Mono to Stereo Channel Merger & Mixer
Combine separate audio tracks into a balanced stereo output. Merge mono channels, adjust left and right levels, and align audio for consistent spatial playback. Designed for music production, recordings, and audio editing workflows with precise channel control.
Left Channel
Upload Mono Track
Right Channel
Upload Mono Track
Audio Channel Merger — Combine Separate Tracks Into a Unified Stereo or Mono Mix
Multi-track recordings keep instruments and voices on separate channels for editing flexibility — but delivery requires a single stereo or mono mix. A podcast recorded with two microphones produces two mono WAV files: one for each host. A field recording rig captures a mid-side stereo pair that must be decoded into left-right stereo. A music production session stems out drums, bass, synths, and vocals as individual mono files that need to be mixed down. Channel merging takes these separate signals and combines them according to the panning and level relationships that place each element correctly in the stereo image.
Pan law determines how merged channels sum. When a mono signal is panned center and placed in both left and right channels at equal level, it sums 3dB louder than either channel alone — the in-phase addition of identical signals. Professional DAWs apply a -3dB pan law that compensates for this by reducing center-panned signals, maintaining consistent loudness regardless of panning position. The channel merger applies configurable pan law so the merged stereo output matches the loudness expectations of professional production standards rather than sounding louder in the center than at the sides.

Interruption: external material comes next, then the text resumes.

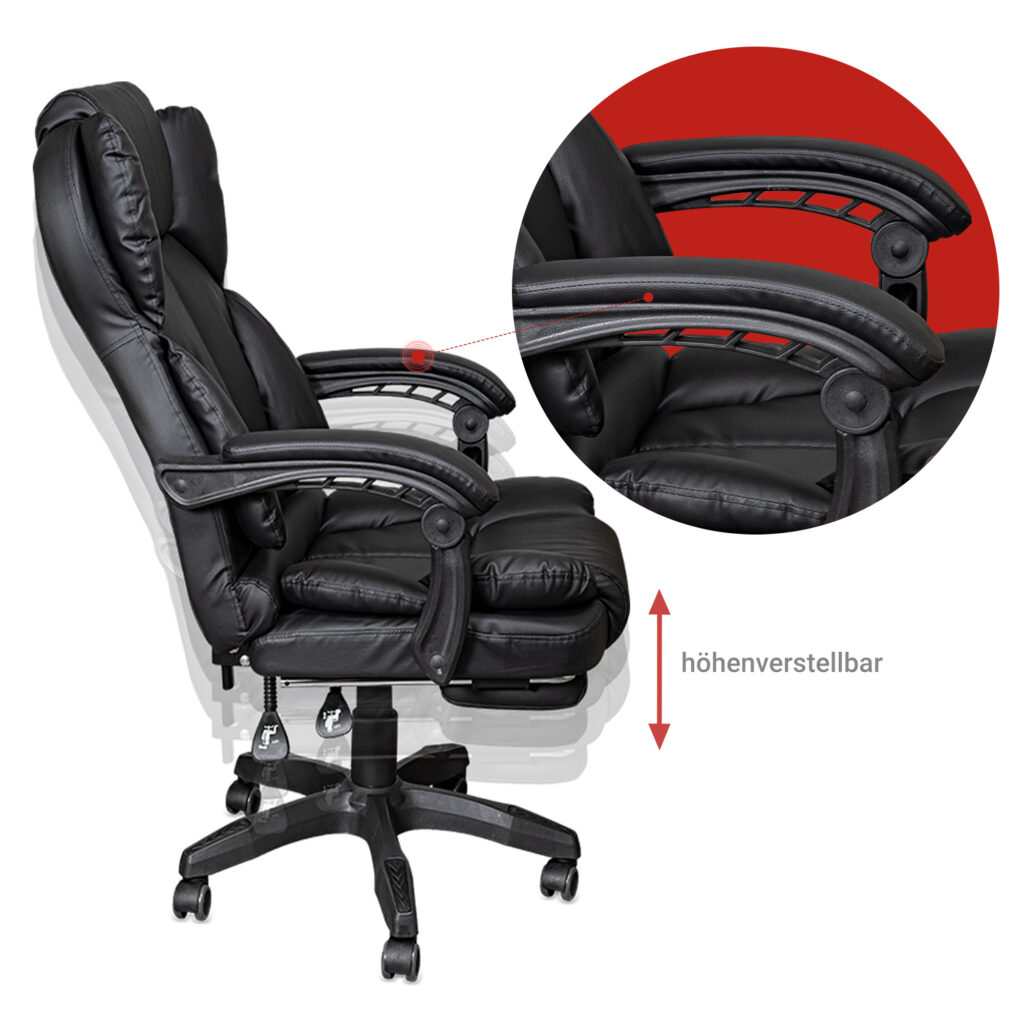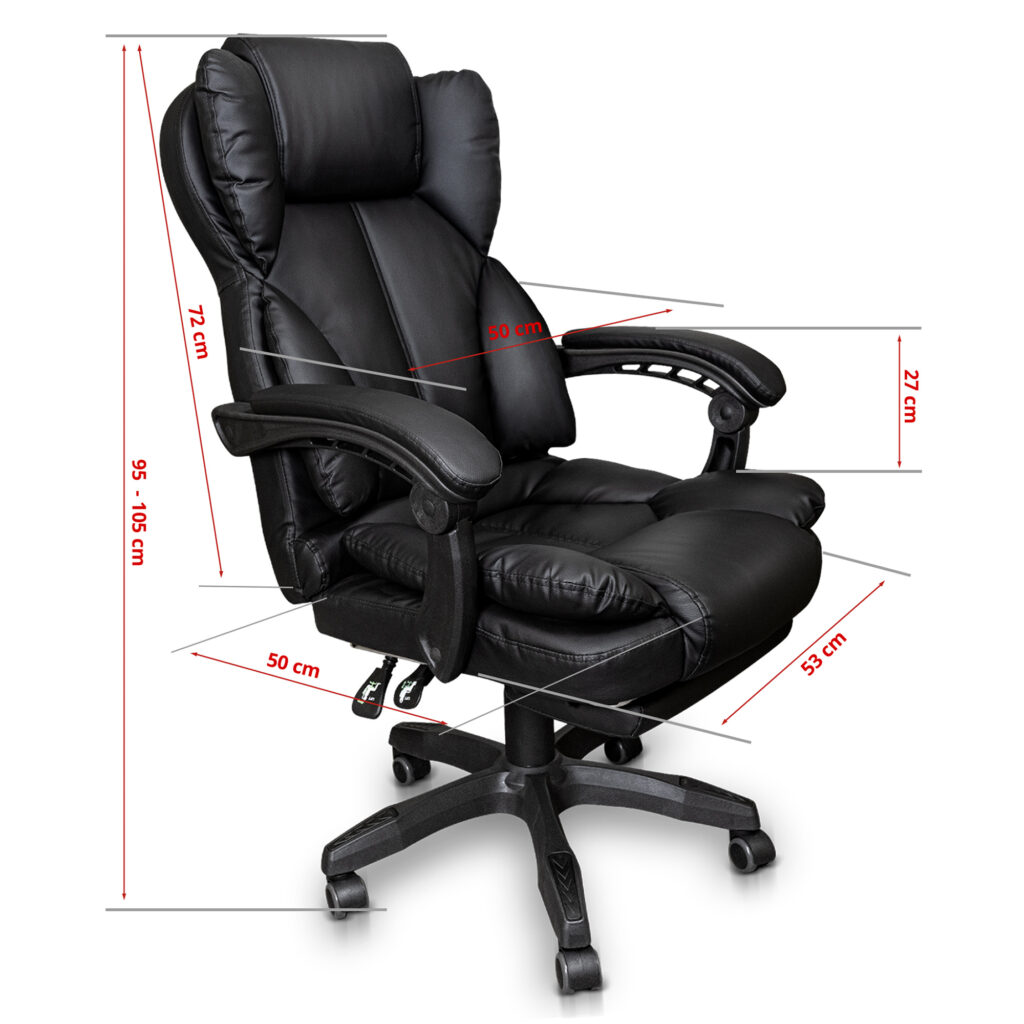 Гнучке крісло керівника з характерним, але елегантним дизайном, що імітує шкіру. Це офісне крісло оснащене м’якими гнучкими триточковими підлокітниками. Його можна встановити розслаблююче положення, а підлокітники адаптуються до цього положення. Для максимального розслаблення м’яку підставку для ніг можна вийняти.

Podcast stereo field placement is a subjective creative decision that channel merging makes possible. Placing host A in the left channel and host B in the right creates a sense of two people in conversation space. Panning both hosts slightly off-center with music centered creates depth. Keeping everything mono maximizes compatibility with mono playback systems like Bluetooth speakers and phone speakers where stereo separation collapses entirely. The channel merger lets you try multiple configurations and compare before committing to a final mix geometry.